Esas olarak, Özal iktidarları döneminde uygulamaya konulan ‘Serbest Piyasa Ekonomisi’,  eleştirisi yapılmadan uygulanmaya çalışılmış ve “Daha az devlet, daha çok özel girişim” şeklinde formüle edilmiştir. Yeni liberal formülün uygulanmasında; Devlet, üretici ya da tüketiciyi korumak amacıyla, piyasa fiyatlarına hiçbir müdahalede bulunmayacaktı. Rekabet ortamında oluşan fiyatlar, hem üretim hem de tüketim kararlarında optimalitenin sağlanması sonucunu doğuracak ve toplum refahını en üst düzeye çıkaracaktı.

Çünkü neoliberal görüşe göre, devlet kötü işletmeciydi.
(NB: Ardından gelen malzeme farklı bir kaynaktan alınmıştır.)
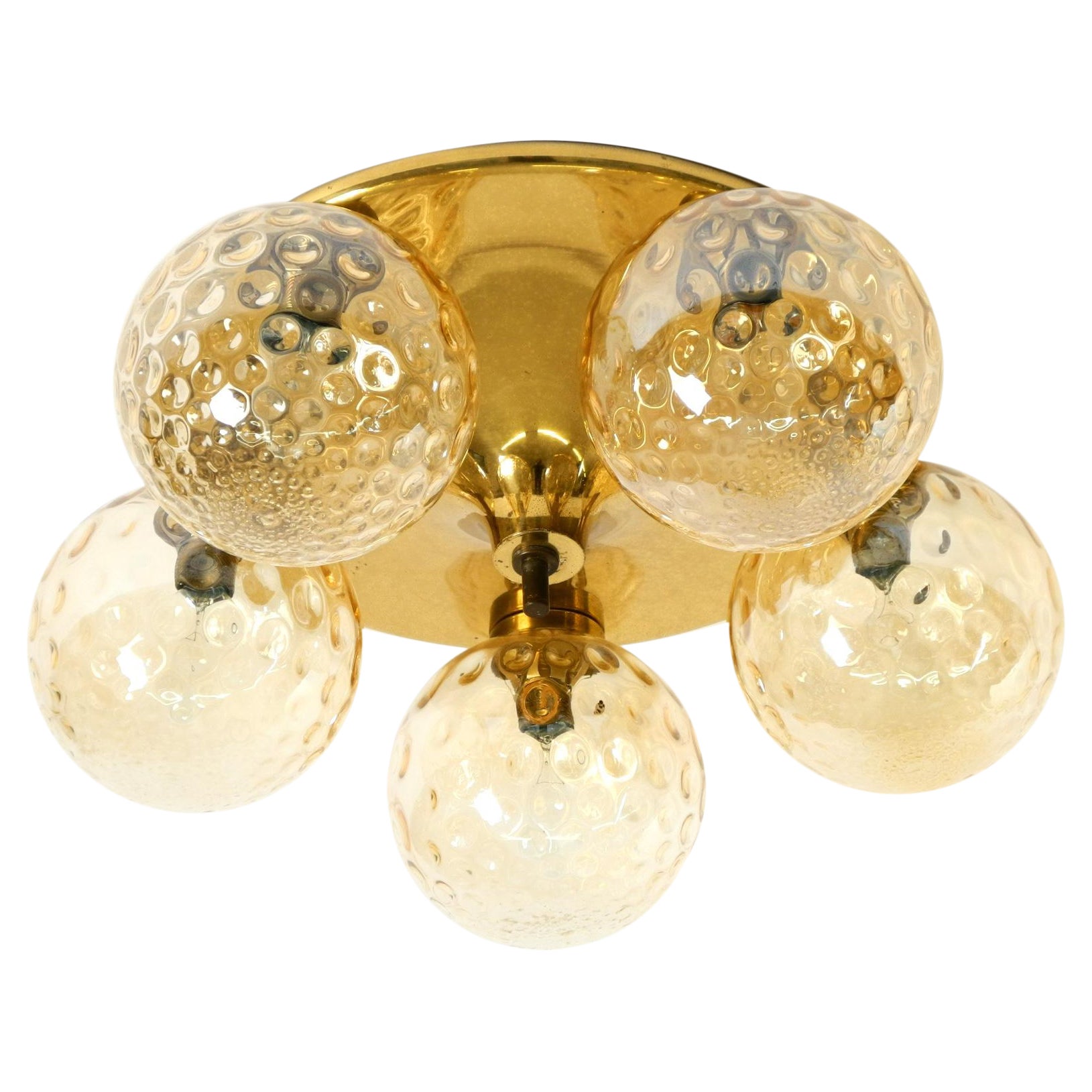 Lámpara de techo de latón de la Era Espacial de los años 60 con 8 bolas de cristal de Kaiser Leuchten

Bu nedenle de devlet elindeki tüm işletmeleri,  kâr amacına yönelik faaliyette bulunduğu için, en verimli şekilde çalıştıracak olan özel sektöre devretmeliydi. Kısacası, ülkemizde 1980’lerden itibaren uygulamasına çalışılan ‘Serbest Piyasa Ekonomisi’  ya da kısaca ‘Piyasa Ekonomisi’ şeklinde lanse edilen, paracı görüşün savunucuları, Cumhuriyetin birikimlerini ‘özelleştirme’ adı altında satmaya başlamıştı.  

AKP iktidarı da Özal politikalarının savunucusu olarak, aynı uygulamalara devam etti. AKP iktidarının işbaşında olduğu son 15 yılda 125 büyük özelleştirme yapıldı. Vatandaşın ödediği vergilerle yapılan dev kurumlar, sanayi tesisleri, limanlar, kamu binaları ve arsaları arka arkaya satışa çıkartıldı. Kamuya ait varlıkların satışından toplam 62 milyar dolar gelir elde edildi. Bu paranın bir kısmıyla IMF’ye olan 23.5 milyar dolarlık borç kapatıldı. Özelleştirme gelirleri AKP iktidarında ciddi artış gösterdi. 1986-2002 döneminde toplam 8 milyar dolar özelleştirme geliri elde edilirken, 2003-2015 döneminde bu tutar 61,8 milyar dolara erişti. Cumhuriyet tarihi boyunca elde edilen özelleştirme gelirlerinin yüzde 90’ı AKP döneminde elde edildi.

Özelleştirmeler yoluyla Türkiye’nin TÜRK TELEKOM, TÜPRAŞ,  PETKİM ve TEKEL gibi en büyük kamu kuruluşları satıldı. Stratejik öneme sahip çok sayıdaki kuruluşta uluslararası şirketler söz sahibi oldu. Son 13 yılda yabancı şirketler başta kamu kuruluşları olmak üzere, finanstan enerjiye, sağlıktan eğitime, perakendeden gıdaya kadar birçok sektörde ağırlığını arttırdı. Bankacılık sektörünün yüzde 50’si, sigortacılık sektörünün yüzde 70’i yabancı şirketlerin eline geçti. İlâç pazarında hali hazırda 106 yabancı şirket var ve pazar payları yüzde 70 düzeyinde!  Akaryakıt sektöründeki yabancıların payı yüzde 65, doğalgazda yüzde 15 olurken, 2008’de sıfır olan elektrik piyasasındaki yabancı sermaye payı, yapılan özelleştirmelerin ardından yüzde 20 seviyesine çıktı.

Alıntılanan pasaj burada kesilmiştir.